[Exercise prompt] Your answer must be the lines from the one holding "16 小塚邸(名古屋市指定有形文化財)" through the final line of the entries below, copied exactly, with no pictures.
##### Supplied entries #####
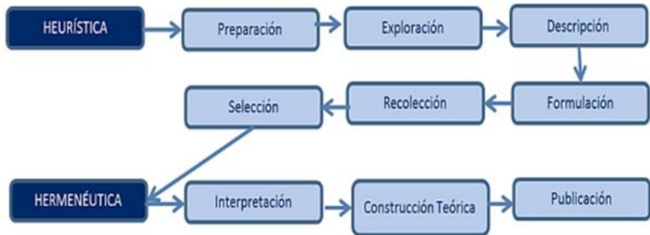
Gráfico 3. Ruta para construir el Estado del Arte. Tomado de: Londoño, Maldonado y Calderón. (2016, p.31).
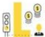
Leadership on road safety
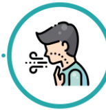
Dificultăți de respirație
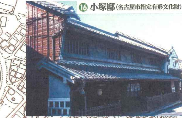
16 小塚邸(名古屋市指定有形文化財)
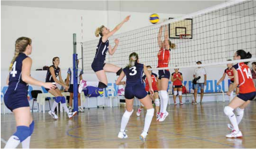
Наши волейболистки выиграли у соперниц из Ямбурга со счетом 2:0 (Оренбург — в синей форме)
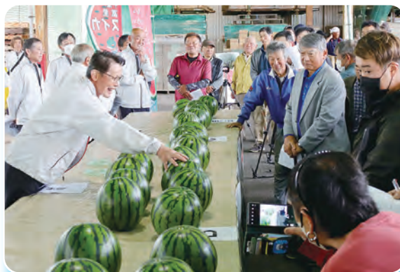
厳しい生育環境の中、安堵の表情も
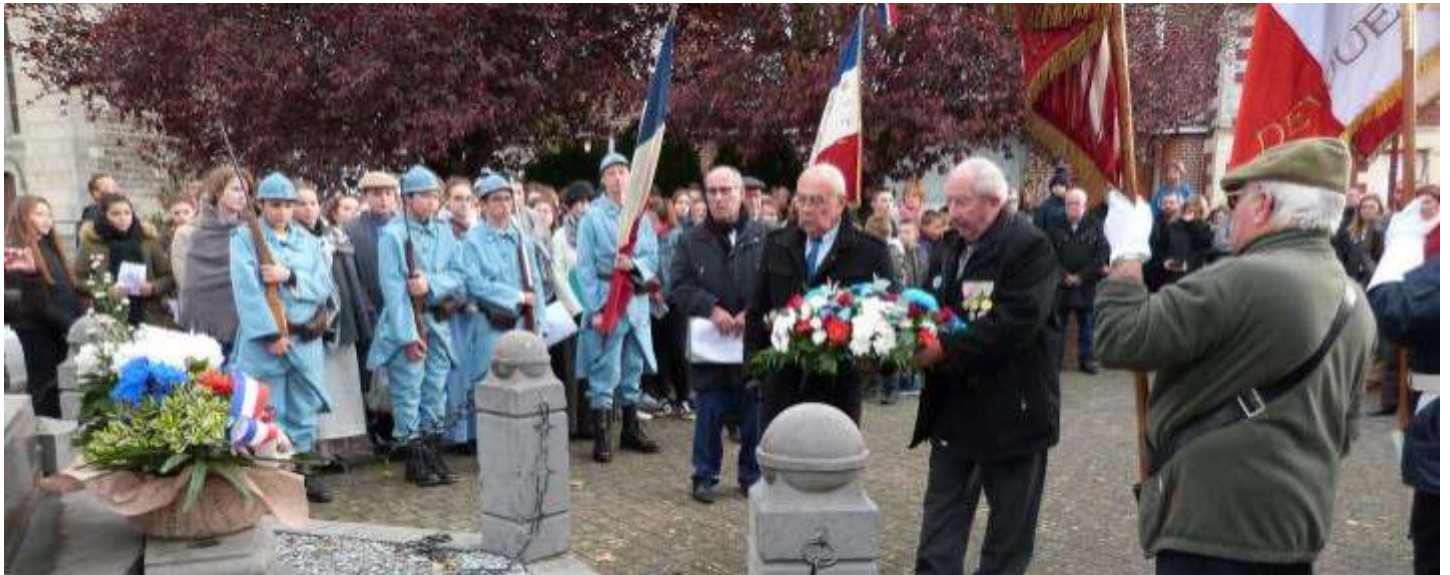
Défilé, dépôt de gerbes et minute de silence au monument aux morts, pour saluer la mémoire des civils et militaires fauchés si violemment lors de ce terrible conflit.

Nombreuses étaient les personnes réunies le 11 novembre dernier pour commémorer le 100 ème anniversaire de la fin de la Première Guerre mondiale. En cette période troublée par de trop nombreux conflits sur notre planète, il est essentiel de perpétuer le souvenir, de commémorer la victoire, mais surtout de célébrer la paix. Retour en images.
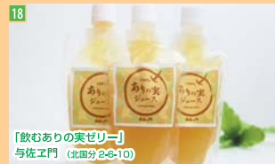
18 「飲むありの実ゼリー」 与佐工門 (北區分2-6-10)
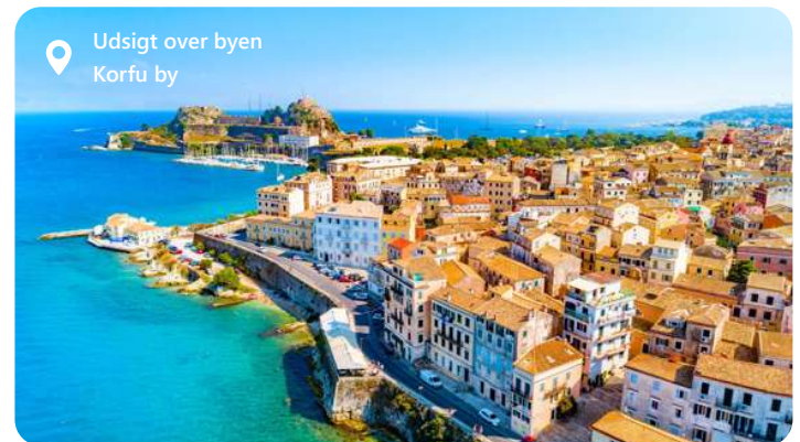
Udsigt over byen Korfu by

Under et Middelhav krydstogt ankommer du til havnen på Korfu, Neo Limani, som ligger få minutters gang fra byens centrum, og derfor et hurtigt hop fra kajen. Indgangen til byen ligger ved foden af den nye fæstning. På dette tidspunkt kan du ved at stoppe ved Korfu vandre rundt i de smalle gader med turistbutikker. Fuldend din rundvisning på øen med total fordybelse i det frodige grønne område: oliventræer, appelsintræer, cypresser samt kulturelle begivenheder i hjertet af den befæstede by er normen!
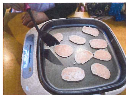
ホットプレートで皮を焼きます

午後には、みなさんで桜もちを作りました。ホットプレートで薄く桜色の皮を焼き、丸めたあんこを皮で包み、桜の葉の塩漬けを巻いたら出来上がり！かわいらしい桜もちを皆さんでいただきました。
#####
[Expected output]
16 小塚邸(名古屋市指定有形文化財)
Наши волейболистки выиграли у соперниц из Ямбурга со счетом 2:0 (Оренбург — в синей форме)
厳しい生育環境の中、安堵の表情も
Défilé, dépôt de gerbes et minute de silence au monument aux morts, pour saluer la mémoire des civils et militaires fauchés si violemment lors de ce terrible conflit.

Nombreuses étaient les personnes réunies le 11 novembre dernier pour commémorer le 100 ème anniversaire de la fin de la Première Guerre mondiale. En cette période troublée par de trop nombreux conflits sur notre planète, il est essentiel de perpétuer le souvenir, de commémorer la victoire, mais surtout de célébrer la paix. Retour en images.
18 「飲むありの実ゼリー」 与佐工門 (北區分2-6-10)
Udsigt over byen Korfu by

Under et Middelhav krydstogt ankommer du til havnen på Korfu, Neo Limani, som ligger få minutters gang fra byens centrum, og derfor et hurtigt hop fra kajen. Indgangen til byen ligger ved foden af den nye fæstning. På dette tidspunkt kan du ved at stoppe ved Korfu vandre rundt i de smalle gader med turistbutikker. Fuldend din rundvisning på øen med total fordybelse i det frodige grønne område: oliventræer, appelsintræer, cypresser samt kulturelle begivenheder i hjertet af den befæstede by er normen!
ホットプレートで皮を焼きます

午後には、みなさんで桜もちを作りました。ホットプレートで薄く桜色の皮を焼き、丸めたあんこを皮で包み、桜の葉の塩漬けを巻いたら出来上がり！かわいらしい桜もちを皆さんでいただきました。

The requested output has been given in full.